Affirm now has 1,000 retail partners

Consumer lending startup Affirm has tried to make it easier for people to make big-ticket purchases at checkout, by providing financing options that it believes are better than using a credit card.

Today Affirm has announced that it has more than 1,000 merchants signed up to offer its financing options at checkout, helping to reduce the friction around making large purchases and, by extension, increasing sales for its partners.

While promoting its most recent milestone, Affirm is also trying to get across the message of how it’s different — and frankly, better — than point-of-sale financing options of the past. As a result, the company is pushing a marketing campaign around “honest finance” to enumerate the ways in which Affirm helps consumers by providing more access and better terms for big-ticket items.

After decades of predatory lending practices at checkout, it’s no wonder Affirm is trying to distance itself from the competition. Retailers seeking to boost sales previously aligned themselves with financing partners who sought to hoodwink consumers into adopting revolving credit lines built on compound interest, hidden fees and small print.

While advertisements promoted zero-percent interest on the cash borrowed to make a purchase, the banks financing those credit lines made the bulk of their money off of fees that inevitably sprung up if a consumer didn’t pay them off before the end of a certain term, or if they made a late payment.

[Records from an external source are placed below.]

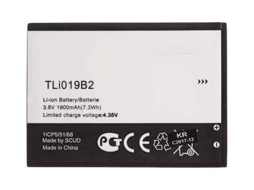 Generic - بطارية TLi019B2 لهاتف الكاتيل ون تاتش بوب C7 بسعة 1900 مللي أمبير في الساعة، ليثيوم أيون بوليمر 15.0 وات للساعة، متوافقة مع طراز OT-7041 / 7041D بشريحتين، CAB1900003C2، بطاريات عالمية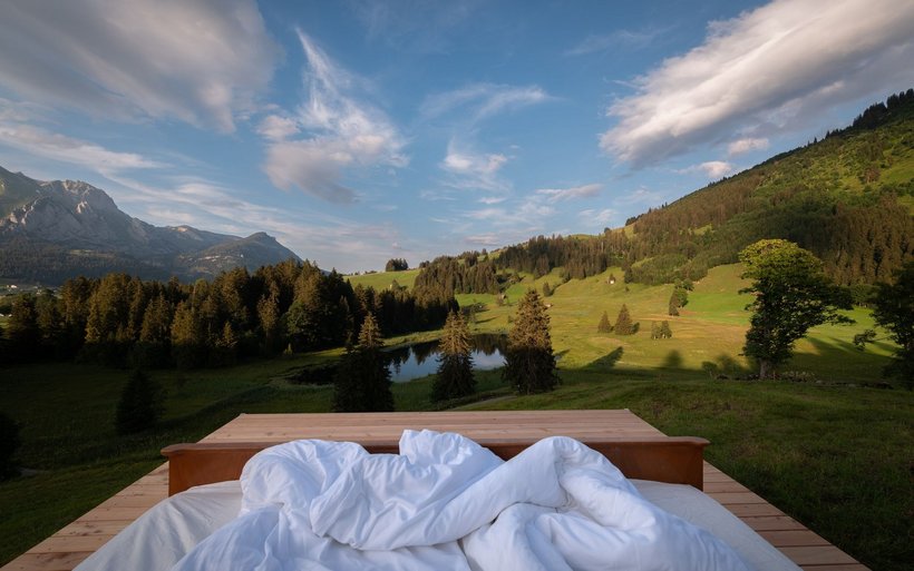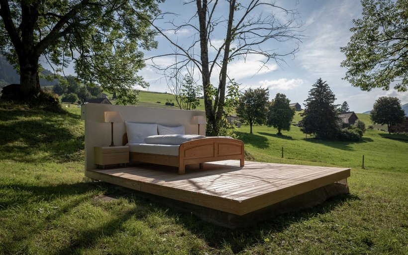 Während der Sommersaison können an drei Standorten im Toggenburg Openair-Hotelbetten gebucht werden. Offeriert werden sie unter den Bezeichnungen «immobilienbefreite Hotelzimmer» oder «Zero Real Estate».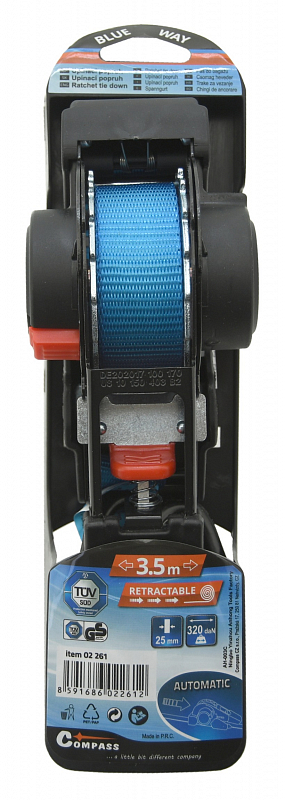 Samonavíjecí upínací popruh vysoké kvality s homologací TÜV/GS, k zajištění předmětů, zavazadel, nebo nákladu.

So you can understand the skepticism of some people when offered the following financing offer while looking at a pair of $400 pants:

It’s easy to debate the merits of financing a pair of ugly, expensive pants, but for Affirm CEO Max Levchin, that misses the point. It’s not the lender’s job to decide if a borrower should buy a thing, but whether or not she will be able to pay back the loan.

“We cannot be judgmental but we must be proscriptive,” Levchin told me. “If you can’t afford a $200 dress [or presumably, a $400 pair of pants], maybe we’re not helping those people.”

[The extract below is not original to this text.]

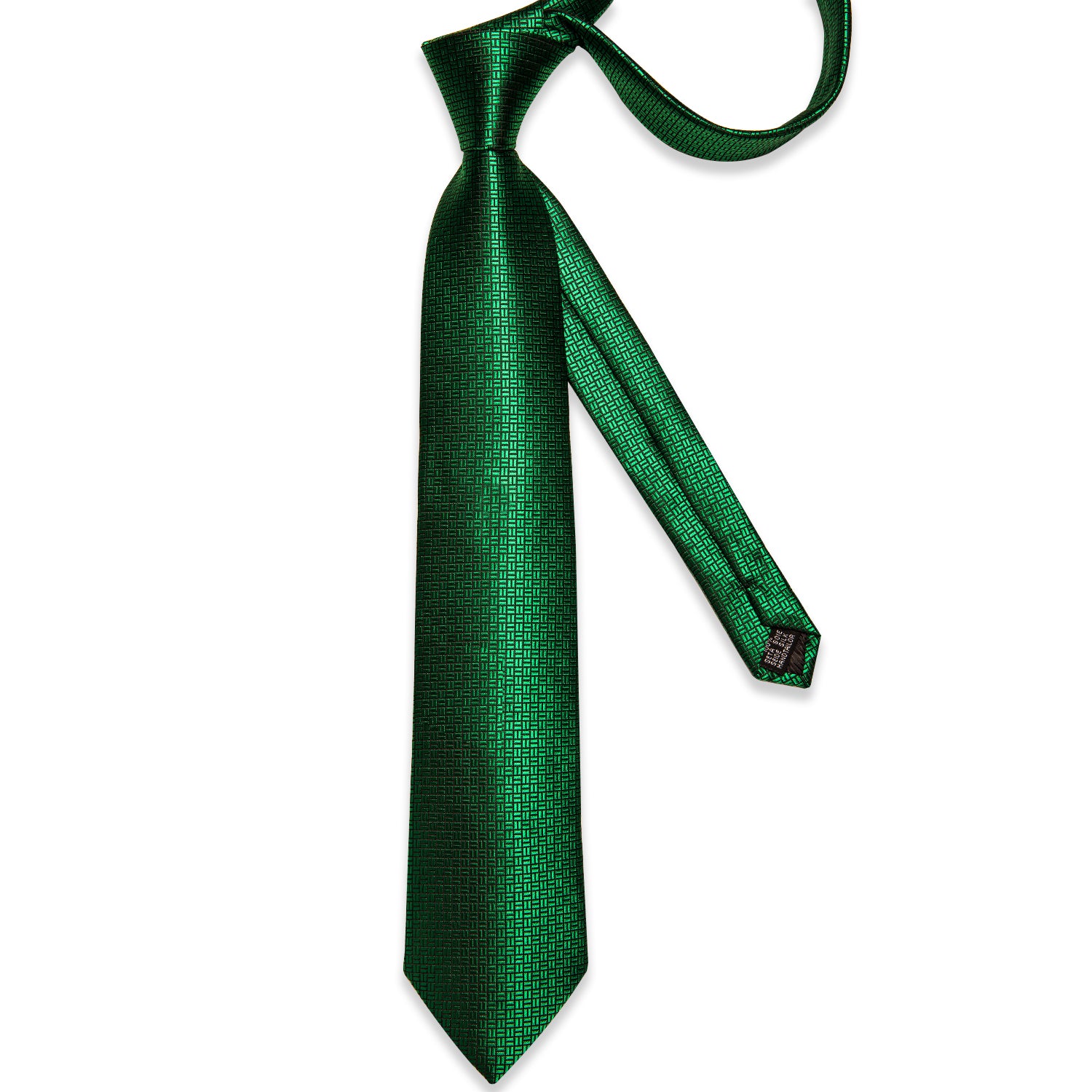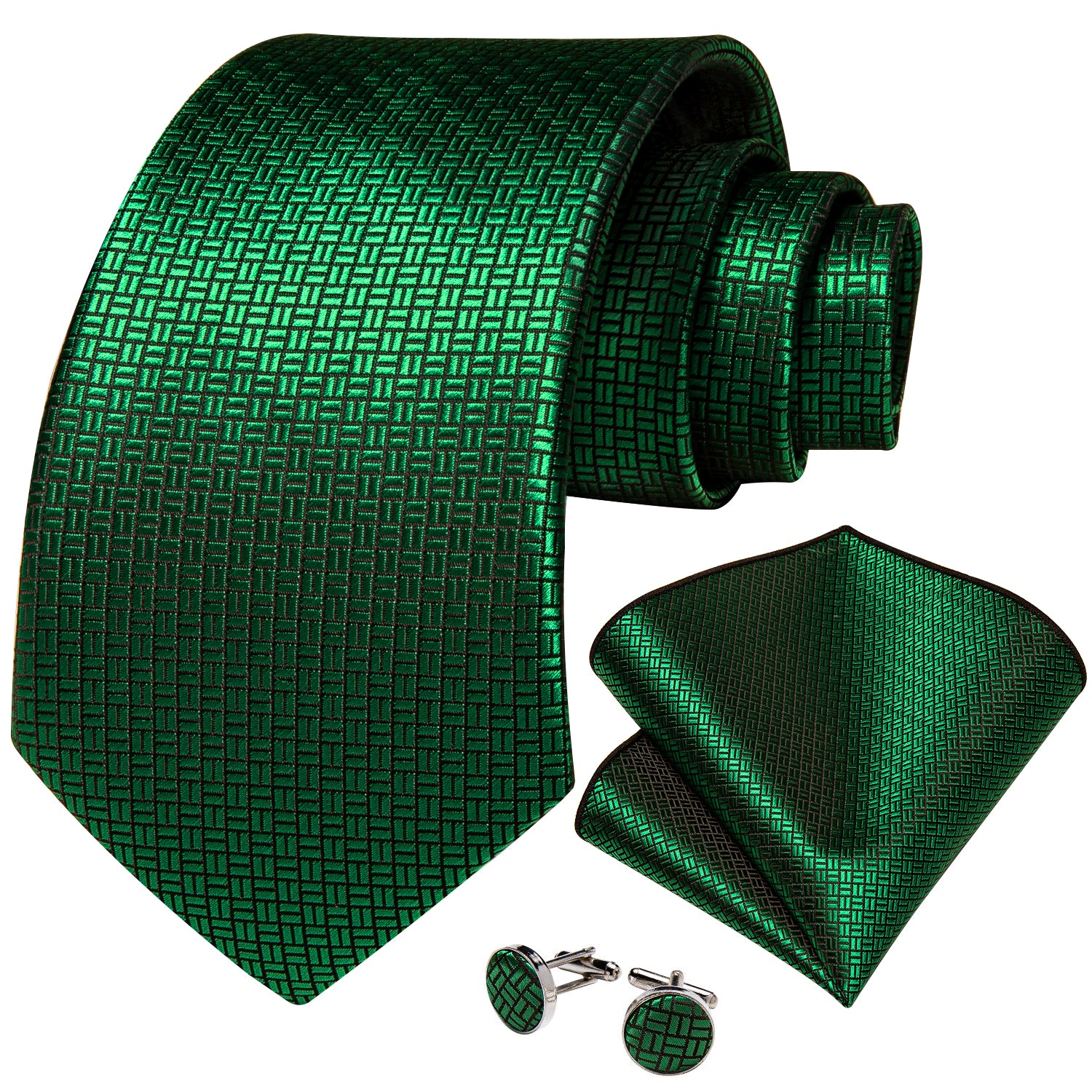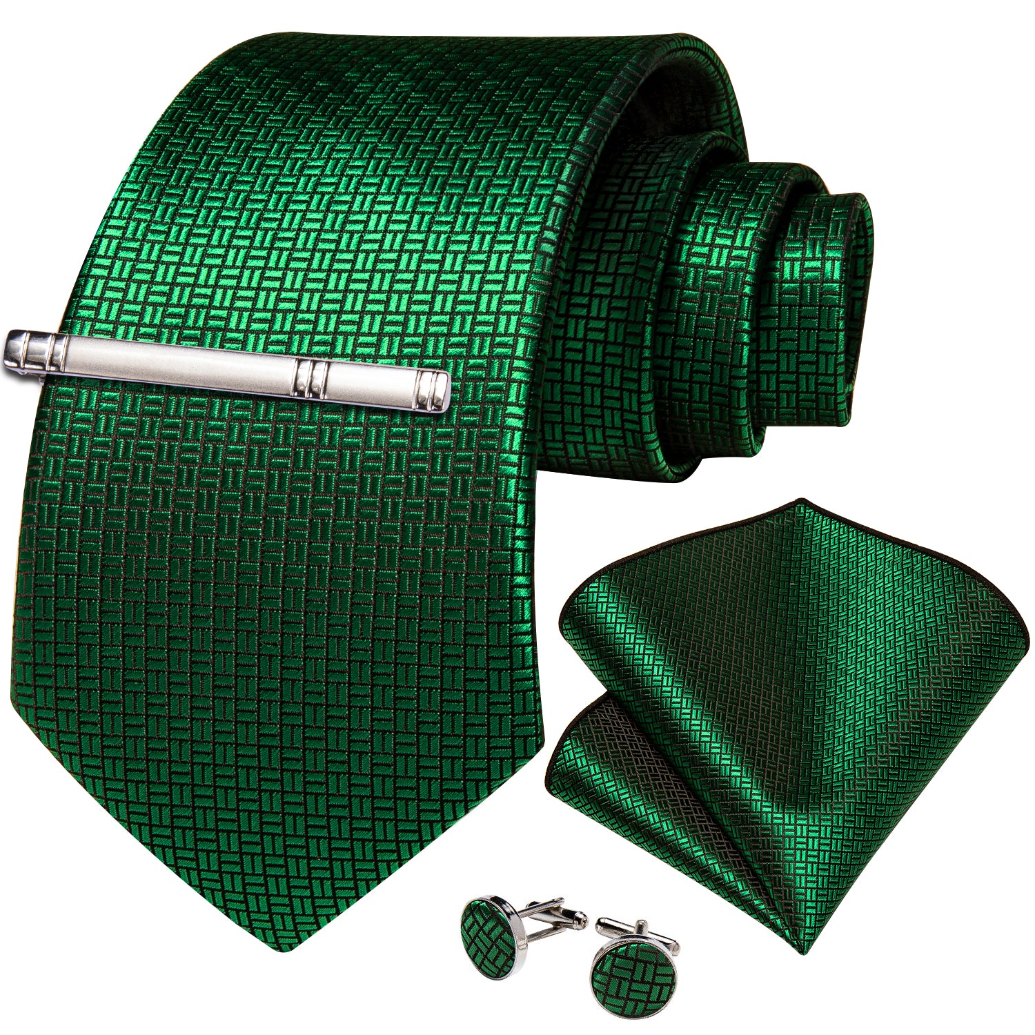 Green Solid Men's Tie Handkerchief Cufflinks Clip Set

That is, the goal is not to place judgments around what one consumer may value over another. The same borrower who finances a $2,500 couch using Affirm may think the guy buying a $2,500 road bike is out of his mind.

In that way, Affirm is agnostic. All it cares about, really, is whether or not the borrower can afford to pay back a loan and if the terms are fair. Which brings us to the second criticism of the $400 pants example — i.e. the 10 percent APR for 12 months.

You might say that the interest rate is high for a short-term loan, but the company would probably argue that it’s better than using a credit card and certainly better than point-of-sale financing options of the past.

Furthermore, Levchin points out how transparency is an important part of the way the financing is messaged to the consumer. “We express the interest in both rates and dollars,” he said. The interest is capped and there are no wacky fees to surprise the consumer.

Fairness — i.e. not charging compounding or deferred interest — is one part of Affirm’s idea of “honest finance,” and so is simplicity. But another aspect is Affirm’s ability to provide access to credit for borrowers that might not qualify for other short-term loans or credit cards — and certainly wouldn’t qualify on the same terms.

Because it doesn’t rely as heavily on FICO or other credit agencies, and has instead has built its own ID verification and fraud prevention techniques, Affirm is more comfortable extending credit to consumers that might have a thin credit file, for instance.

And Affirm says it will never extend credit to someone it doesn’t think will be able to pay the loan back. In that way, the company is setting itself apart from more predatory lenders that issue credit lines while banking on late fees.

Affirm hopes the idea of honest finance will cause more retail partners to sign up, as it not only helps them increase sales, but also helps them avoid the fallout when customers think they’re screwed by financing partners. At least, that’s what the company is betting on with its latest campaign.